Rewrite this system as \(A{\bf x} = {\bf b}:\)

\[ \left[\begin{array}{rr}3&4\\5&6\end{array}\right] {\bf x} = \left[\begin{array}{r}3\\7\end{array}\right].\]

The determinant of \(A\) is \(3(6)-4(5) = -2,\) which is nonzero, so \(A\) has an inverse.

According to our \(2\times 2\) formula, the inverse of \(A\) is:

\[ A^{-1} = \frac{1}{-2}\left[\begin{array}{rr}6&-4\\-5&3\end{array}\right] = \left[\begin{array}{rr}-3&2\\5/2&-3/2\end{array}\right].\]

So the solution is:

\[ {\bf x} = A^{-1}{\bf b} = \left[\begin{array}{rr}-3&2\\5/2&-3/2\end{array}\right]\left[\begin{array}{r}3\\7\end{array}\right] = \left[\begin{array}{r}5\\-3\end{array}\right].\]

Algebra of Matrix Inverses

Theorem.

If \(A\) is an invertible matrix, then \(A^{-1}\) is invertible, and

\[(A^{-1})^{-1} = A.\]

If \(A\) is an invertible matrix, then so is \(A^T,\) and the inverse of \(A^T\) is the transpose of \(A^{-1}.\)

\[(A^T)^{-1} = (A^{-1})^T.\]

If \(A\) and \(B\) are \(n\times n\) invertible matrices, then so is \(AB,\) and the inverse of \(AB\) is the product of the inverses of \(A\) and \(B\) in the reverse order.

\[(AB)^{-1} = B^{-1}A^{-1}.\]

The first two are straightforward. Let’s verify the last one because it shows some common calculation patterns:

\[(AB)(B^{-1}A^{-1})\]

\[=A(BB^{-1})A^{-1}\]

\[=AIA^{-1}\]

\[=AA^{-1}\]

\[=I.\]

The Invertible Matrix Theorem

Earlier we saw that if a matrix \(A\) is invertible, then \(A{\bf x} = {\bf b}\) has a unique solution for any \({\bf b}\).

This suggests a deep connection between the invertibility of \(A\) and the nature of the linear system \(A{\bf x} = {\bf b}.\)

In fact, we are now at the point where we can collect together in a fairly complete way much of what we have learned about matrices and linear systems.

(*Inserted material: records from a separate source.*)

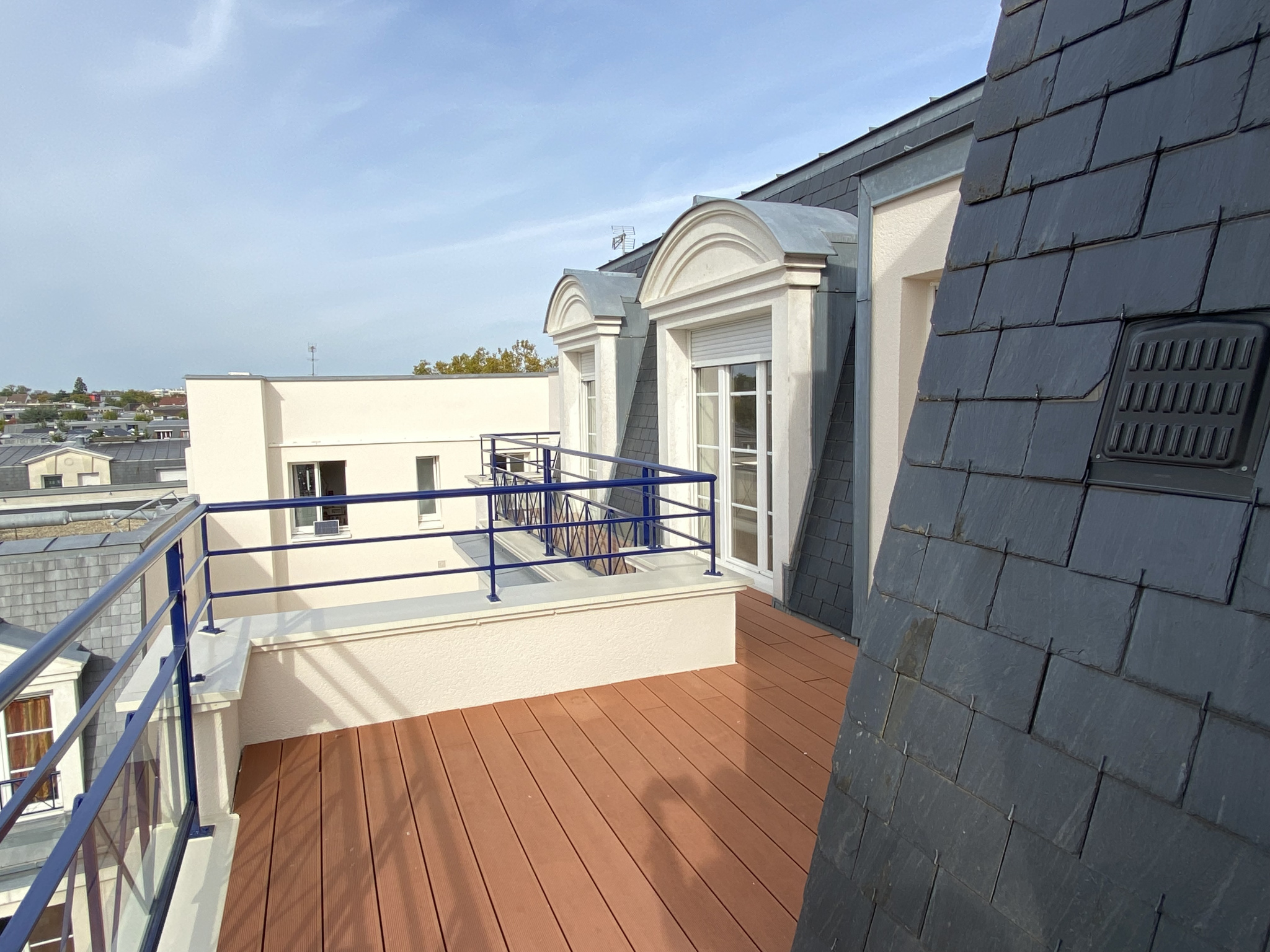 EXCLUSIVITE : A DEUX PAS DU CENTRE-VILLE, DU MARCHE ET DES COMMODITES, DANS UNE BELLE RESIDENCE DE 2000 ENTIEMEMENT RAVALEE, VENEZ VISITER CE BEL APPARTEMENT TRAVERSANT (86,84 m2 carrez et 91,19 m2 utiles), LUMINEUX SITUE AU 4e ET DERNIER ETAGE AVEC ASCENSEUR ET TERRASSE (17m2), composé comme suit : entrée avec rangement, cuisine, séjour ouvrant sur terrasse exposée Ouest avec vue dégagée, dégagement desservant des toilettes avec lave-mains, une salle d'eau, trois chambres chacune avec placard, une salle de bains avec toilettes.
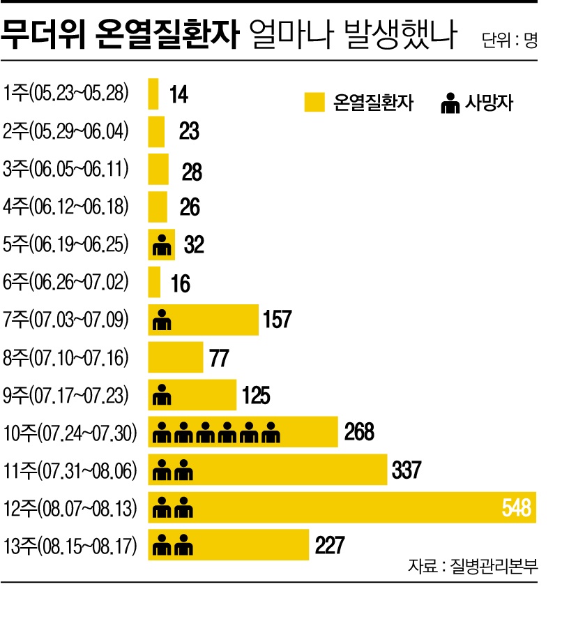 특히 무더위가 본격적으로 시작된 지난달 17일부터 약 한 달간 발생한 온열질환자는 1605명에 이른다. 사망자도 역대 최고인 16명을 기록했다.
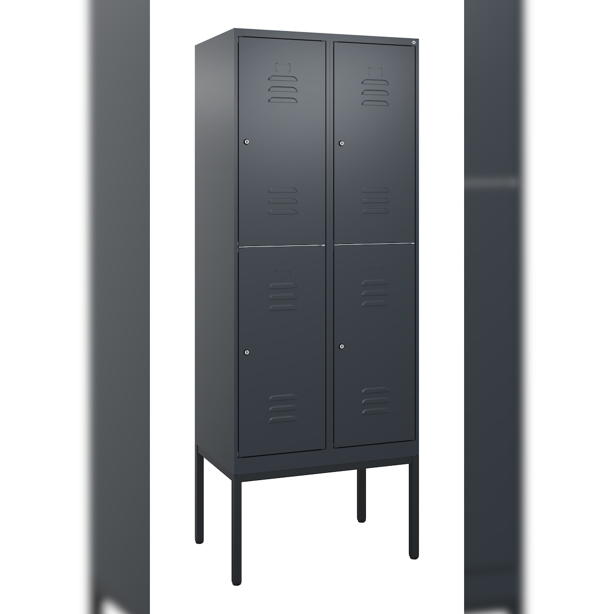 C+P Schwarz-Weiß-Spind Classic PLUS, Füße, 4 Abteile, 1950x1200x500mm, 7016/7035
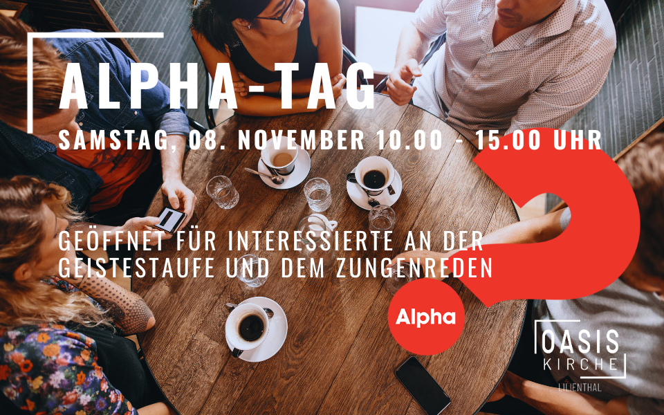 Nach den letzten bereichernden Wochen bei ALPHA, wollen wir uns am Samstag, den 08. November von 10:00 bis 15:00 Uhr mit der Geistestaufe und dem Zungenreden beschäftigen. Wir werden dieses Thema theoretisch betrachten und praktisch ausprobieren. Lass Dich überraschen, wie tief und weit Gottes Gegenwart und Zurüstung reichen kann! Wenn Dich dieses Thema interessiert, dann melde Dich gerne direkt bei Christina Blome (Leitung ALPHA) oder per Mail unter: info@oasiskirche.de an. Für Verpflegung ist gesorgt.

This remarkable collection of ten interrelated properties is called the Invertible Matrix Theorem (IMT).

Invertible Matrix Theorem. Let \(A\) be a square \(n\times n\) matrix.

Then the following statements are equivalent; that is, they are either all true or all false:

\(A\) is an invertible matrix.

\(A^T\) is an invertible matrix.
- Proof by direct construction: \((A^T)^{-1} = (A^{-1})^T.\)

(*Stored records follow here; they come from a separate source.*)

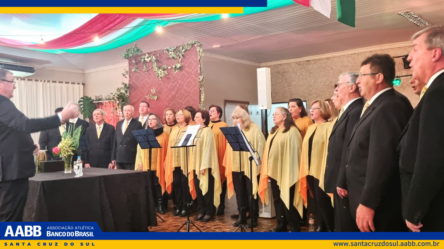 Um dos momentos mais marcantes da festa foi a apresentação do Coral da AABB Santa Cruz do Sul, sob regência de Celso Pedro Sehnem. O grupo interpretou as músicas Tornerò e Va, pensiero, emocionando o público, que aplaudiu de pé os 27 coralistas.
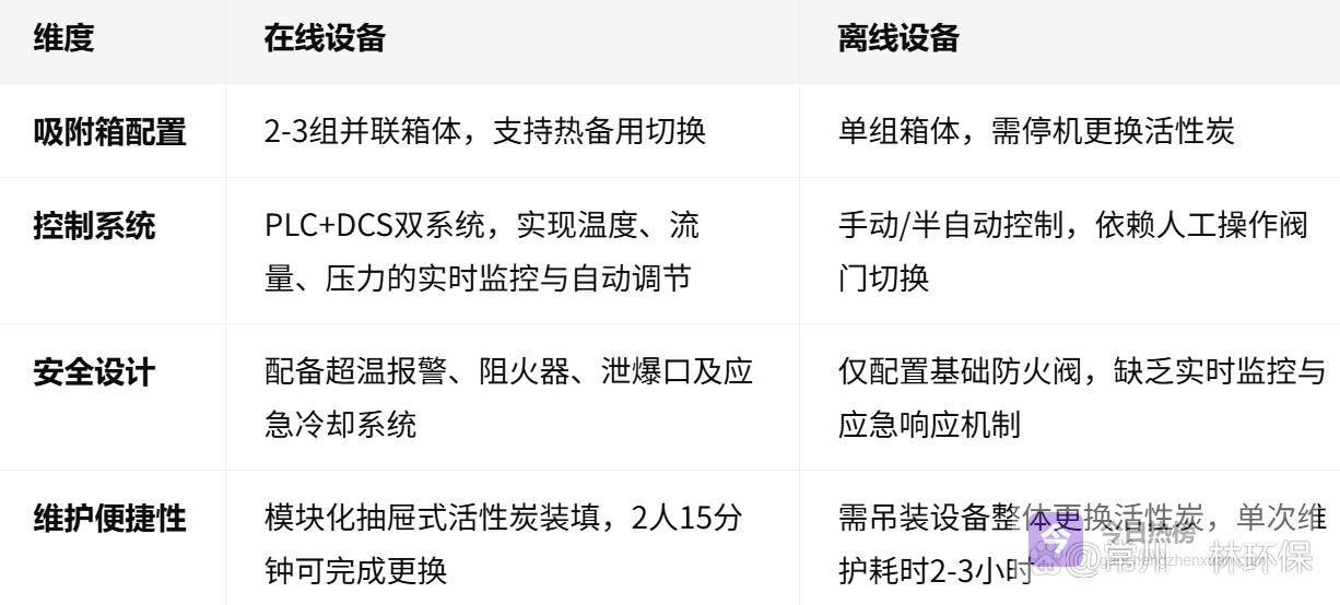 技术局限:离线设备无法实现能量自平衡,需持续消耗电能维持催化燃烧温度。某电子厂案例显示,其离线设备日均耗电量比在线设备高40%,且需配备专职操作人员完成活性炭更换。
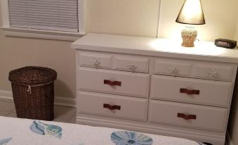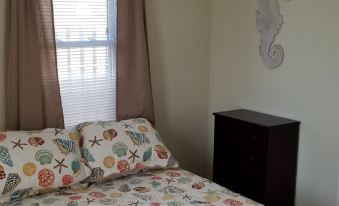 From the beach themed artwork on the walls to the starfish knobs on the dresser and nightstand in master bedroom, this quaint ONE LEVEL , two bedroom and one bathroom home will welcome you the minute you step through the door. There are queen beds in both bedrooms.
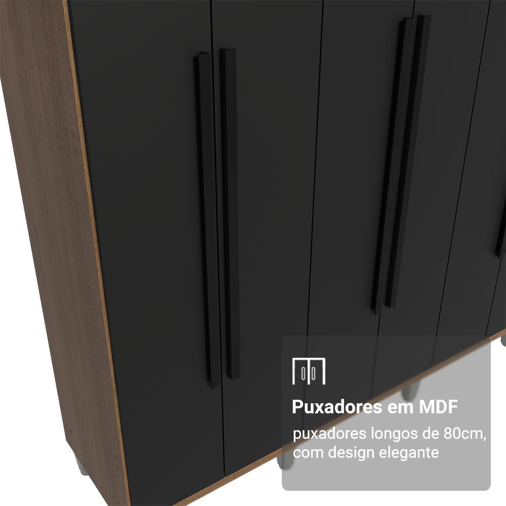 Guarda-Roupa Casal com Pés 8 Portas Batentes Rustic/Preto/Preto Saturno Madesa
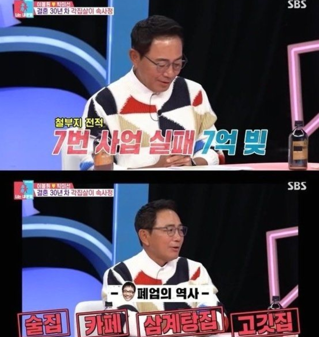이봉원의 인생은 순탄치만은 않았습니다. 2009년, 사업 확장을 위해 사채를 동원했으나 실패로 수십억 원의 빚을 지게 되었습니다. 이 시기에 아내 박미선은 남편을 위해 방송 활동에 매진하며 그를 지지했습니다. 박미선은 "다시 태어나도 이봉원과 결혼할 것"이라는 발언으로 변함없는 사랑을 보여주었습니다.
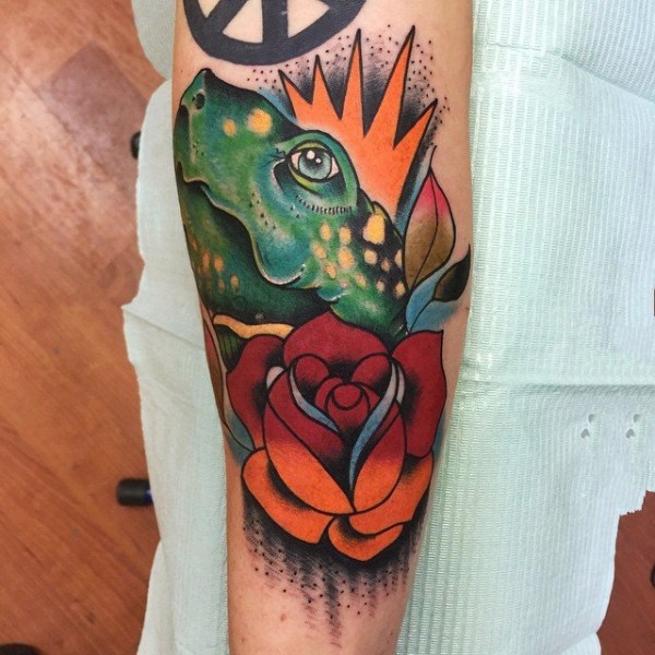 德国恐龙纹身眼镜蛇和卡通鳄鱼纹身水彩动物图案纹身

The equation \(A{\bf x} = {\bf b}\) has a unique solution for each \({\bf b}\) in \(\mathbb{R}^n.\)
- As already mentioned, we proved this above.

A is row equivalent to the identity matrix.
- If \(A{\bf x} = {\bf b}\) has a unique solution for any \({\bf b},\) then the reduced row echelon form of \(A\) is \(I\).

A has \(n\) pivot positions.
- Follows directly from the previous statement.

The equation \(A{\bf x} = {\bf 0}\) has only the trivial solution.
- If \(A{\bf x} = {\bf b}\) has a unique solution for any \({\bf b},\) then the unique solution for \({\bf b} = {\bf 0}\) must be \({\bf 0.}\)

The columns of \(A\) form a linearly independent set.
- Follows directly the previous statement and the definition of linear independence.

The columns of \(A\) span \(\mathbb{R}^n.\)
- For any \({\bf b} \in \mathbb{R}^n,\) there is a set of coefficients \({\bf x}\) which can be used to construct \({\bf b}\) from the columns of \(A.\)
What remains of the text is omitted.